The injunction sent here for review, in my opinion, was final and permanent. Plaintiffs, as private parties, commenced this action in superior court against the Thurston County Auditor and the Thurston County Commissioners claiming that the festival would create a public as well as a private nuisance, and to enjoin the county auditor from issuing a license or permit for it. New American Community, Inc., and John Chambless, the promoters, organizers and sponsors of the festival, entered the case as intervenors but actually became the real parties in interest. As intervenors, they cross-claimed for a writ of mandamus to compel the county auditor to issue them a license or permit on the basis that issuance of such a permit or license was simply a ministerial and not a discretionary function.

I can find no declarations of fact in either the application for mandamus or in its accompanying affidavit traversing *296or avoiding the allegations of public and private nuisance. Thus, at the outset of hearings on the application for an injunction, the allegations of ultimate facts upon which a finding of nuisance was sought were undenied and unavoided. Intervening promoters apparently rested their case on the idea that the festival could not as a matter of law be found to be a nuisance and that the issuance, permit or license for it, being a ministerial function, could not be legally blocked.
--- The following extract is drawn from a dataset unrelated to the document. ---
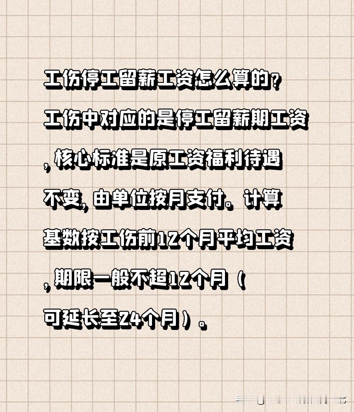 工伤停工留薪工资怎么算的? 工伤中对应的是停工留薪期工资,核心标准是原工资福利待遇不变,由单位按月支付。计算基数按工伤前12个月平均工资,期限一般不超12个月(可延长至24个月)。 一、核心标准(依据《工伤保险条例》第33条) ● 计算基数:按工伤前12个月平均工资(含奖金、津贴等);未满12个月按实际工作月数平均;本人工资高于统筹地区职工平均工资300%的按300%算,低于60%的按60%算。 ● 支付主体:所在单位按月支付,工伤保险基金不直接支付此费用。 ● 期限:一般不超12个月;伤情严重/特殊的,经市级劳动能力鉴定委员会确认可延长,延长不超12个月,最长24个月。 ● 停发节点:评定伤残等级后停发,改按规定享受伤残待遇。 二、常见计算示例 ● 月薪固定5000元,停工留薪3个月:5000×3=15000元。 ● 日薪/计件:工伤前12个月平均日工资×误工天数。 ● 工作未满12个月:实际月均工资×停工留薪月数。 三、特殊情形说明 ● 单位未参保:仍由单位按上述标准支付,不得拒付。 ● 非工伤的侵权误工:按《最高法人身损害解释》,有固定收入按实际减少算,无固定收入按近三年平均算,无法举证则参照当地同行业上年度职工平均工资。 需要我根据你的情况(工伤前12个月平均工资、停工留薪月数、统筹地区)帮你算出具体金额吗?

At no point during any of the hearings before the superior court, as far as I can ascertain, did the sponsors or the promoters of the festival ask for further time or opportunity to present evidence or make an offer of proof. No claim was made in the superior court or in this court on review that additional evidence was available to prove or disprove any of the ultimate facts in the case. Indeed, as a practical matter, time had run out; there was no time for further hearings. Intervenors, New American Community and Chambless, already in the process of incurring financial obligations and commitments for the festival, welcomed an early resolution of the injunction issue and sought an extremely speedy review of it here. On review, no party asked for further opportunity to offer additional proof.

Thus, as earlier observed, facts as to the existence of the railroad tracks, the time and duration of the festival, the physical arrangements of the fields and facilities, and the speed and number of trains passing day and night on the embankment through the festival fields were not only proved but agreed upon, explicitly and understandably, in open court on the hearing on review. The record thus shows undeniably that the festival would create a public nuisance, and that the public nuisance would develop from the imminent danger of death and injury to persons, spectators, train crews and passengers and the likelihood of damage to the railroad’s property and equipment by reason of thousands of people being drawn into the open fields adjacent to the tracks to sojourn there day and night for 3 days as 30 to 40 trains daily moved along the tracks day *297and night at speeds of up to 70 or 80 miles per hour. Nothing was offered to disprove or traverse the likelihood of this extreme danger and no claim was made that further proof was available to dispute the existence of this public nuisance, particularly as it related to the railroad main line.

The injunction, therefore, in my view, was final and permanent, and the bond requirement, I think, should have been vacated. With a permanent and effective injunction in effect, the mandate to the auditor to issue a permit would not lie. A permit or license is a device to grant a special privilege; it confers a right to do something which one otherwise would not have a right to do. 33 Am. Jur. Licenses § 2 (1941); 53 C.J.S. Licenses § 1 (1948). I doubt that the courts would order the government to confer upon intervenors the special privilege of conducting and maintaining what had finally been adjudged by a court of competent jurisdiction to be a public nuisance.

Accordingly, I would have vacated the requirement for the $25,000 bond, or any bond at all, denied the writ of mandamus, and let the injunction prevail.

Professor of Music, University of Puget Sound, Tacoma, Washington.